Figure 3

Evidence of variation in the rate of molecular evolution has come from two main sampling strategies that use DNA sequences from extant species (usually represented by a single individual) to infer rate differences among lineages. Possible instances of punctuational evolution at nodes (grey boxes), extinct lineages (dashed lines), pruned or un-sampled lineages (X) are shown. (a) The sister species comparison. Sister species are chosen to represent contrasting distributions; one at low latitude and one at high latitude (temperate versus tropical as in Gillman et al., 2009). The placement of the outgroup in the phylogenetic reconstruction provides the crucial evidence for rate variation between the two ingroup lineages. By sampling only one individual per lineage, this method avoids the node-density effect that might influence estimates of molecular evolution rate (Hugall and Lee, 2007). Punctuated equilibrium (PE) predicts that acceleration in rates of molecular evolution is associated with speciation and therefore occurs at nodes.
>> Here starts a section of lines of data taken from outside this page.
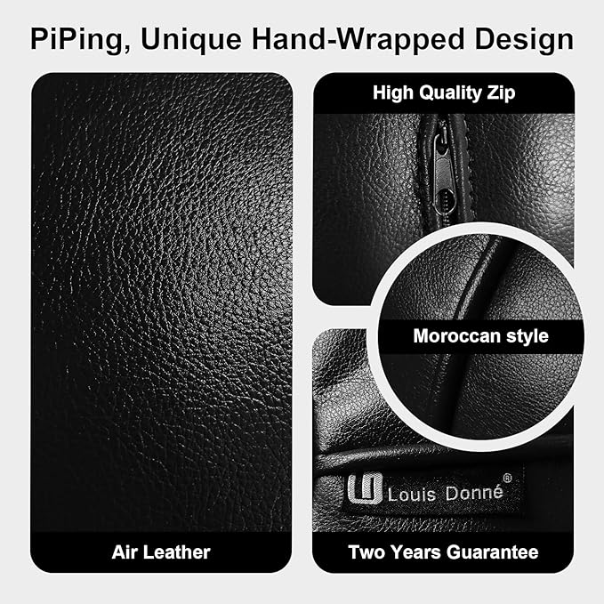 Louis Donné Unstuffed Ottoman Pouf Cover, Supersoft Handmade Faux Moroccan Decor, Small Bean Bag for Storage Solution, Foot Stool for Foot Rest, Footstools for Balcony Office Indoor 21dia Black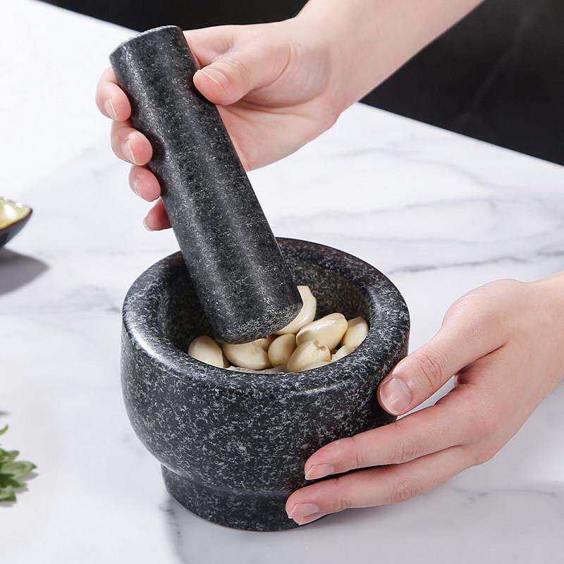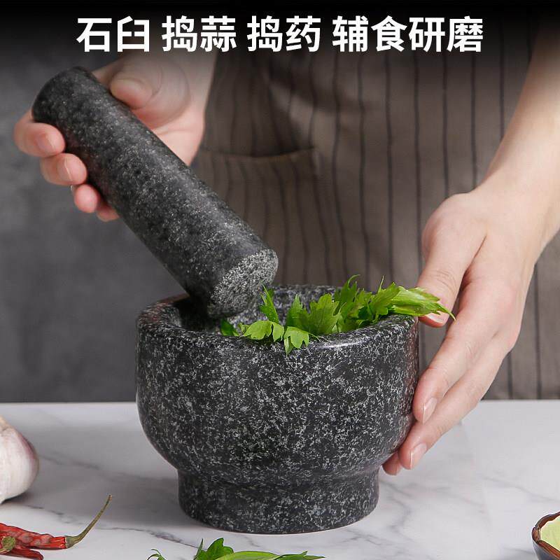 老式 石臼压蒜器石盅花岗岩蒜臼子手动擂钵蒜泥中药副食品副食品研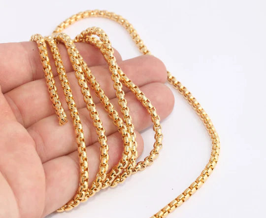 24 Carat Gold Plated Soldered Box Chain. Dimensions: 4mm PRICE FOR 1 METER. 24 Carat gold plated on brass. A Quality product resistant to rust and tarnishing. Do not contact with chemicals and perfumes for long-term use. Passed all tests does not contain harmful materials. Colors may vary depending on screen settings and ambient light.

If so, observed differences in rates (different branch lengths) cannot result from PE unless speciation (PE₂) and extinction have occurred only on the branch leading to the tropical species. Hidden (or incipient) speciation (PE₃) could also explain the observed faster rate of molecular evolution if it was occurring more frequently in the tropical lineages than the temperate lineages. (b) Pruning large data sets. Species are selected from sister lineages with different species numbers to examine whether or not lineages with higher cladogenesis have faster rates (for example, Lanfear et al., 2010a). Relatively large data sets are pruned (X) to a pair of contrasting lineages, if more sequence data are available for one family than another, to avoid the node density effect. (c) Pruning large data sets with extinction. Lineage extinction (dashed lines) undermines confidence in inferences about the directionality of effects. Surviving species only provide estimates of net-diversification (speciation−extinction), not rates of speciation per se. Insufficient knowledge of extant lineages produces the same effect as extinction suggesting that this method would only work for well-studied groups.